Source data:
———

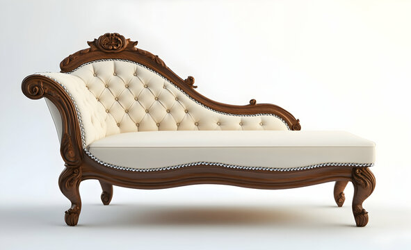 3D rendering of an elegant chaise longue with diamond buttons and a carved wood frame, isolated on a white background
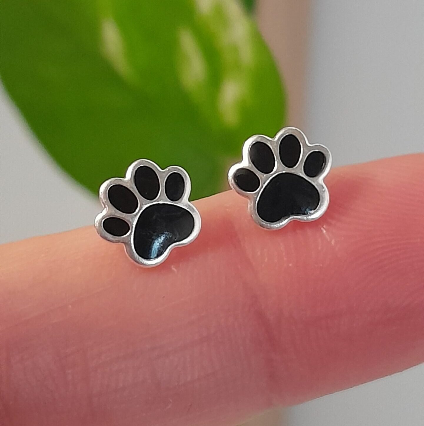 Aros Abridores Esmaltados huellas negro – Plata 925
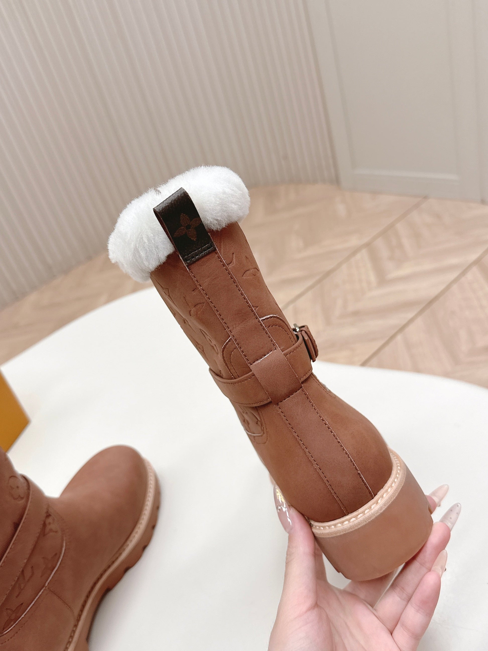 LV 2026 Territory Ankle Boot Brown White Nubuck Calf Leather 595442
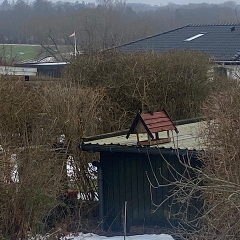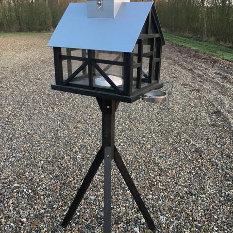 Håndlavet foderhus med "Græs" på taget og ryttere af egetræ for lang levetid. Det er nu vi skal hjælpe fuglene, så vil de kvittere til sommer.
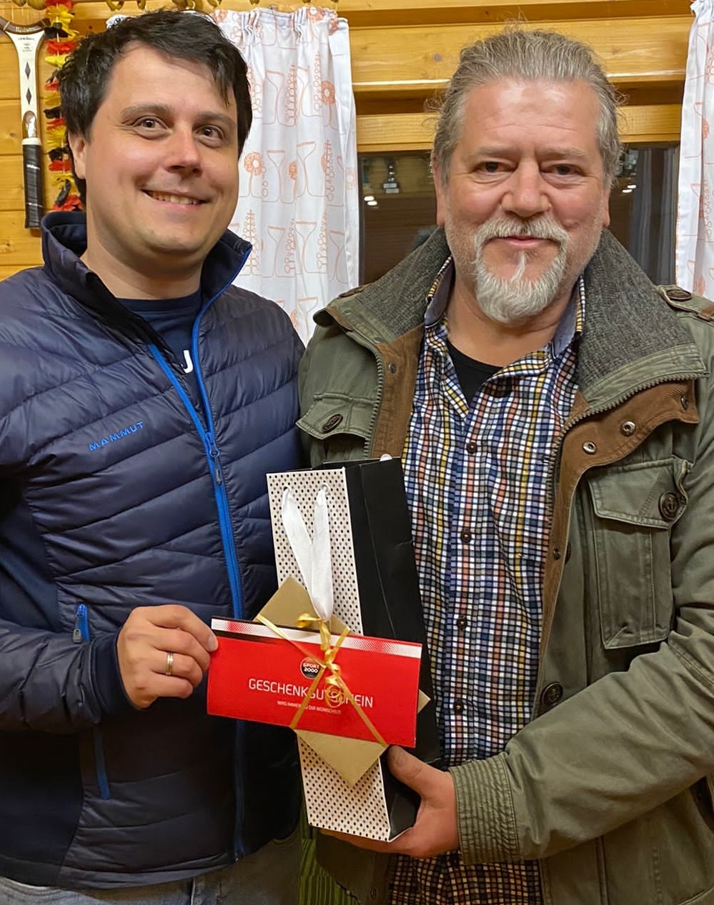 Flo Hackl bedankt sich mit einem Präsent für die langjährige Funktionärstätigkeit bei Armin Steger

———

DESCRIPTION OF THE TASK:
Restate the records above word for word. Skip every picture.

ANSWER TO THIS TASK:
 3D rendering of an elegant chaise longue with diamond buttons and a carved wood frame, isolated on a white background
 Aros Abridores Esmaltados huellas negro – Plata 925
 LV 2026 Territory Ankle Boot Brown White Nubuck Calf Leather 595442
 Håndlavet foderhus med "Græs" på taget og ryttere af egetræ for lang levetid. Det er nu vi skal hjælpe fuglene, så vil de kvittere til sommer.
 Flo Hackl bedankt sich mit einem Präsent für die langjährige Funktionärstätigkeit bei Armin Steger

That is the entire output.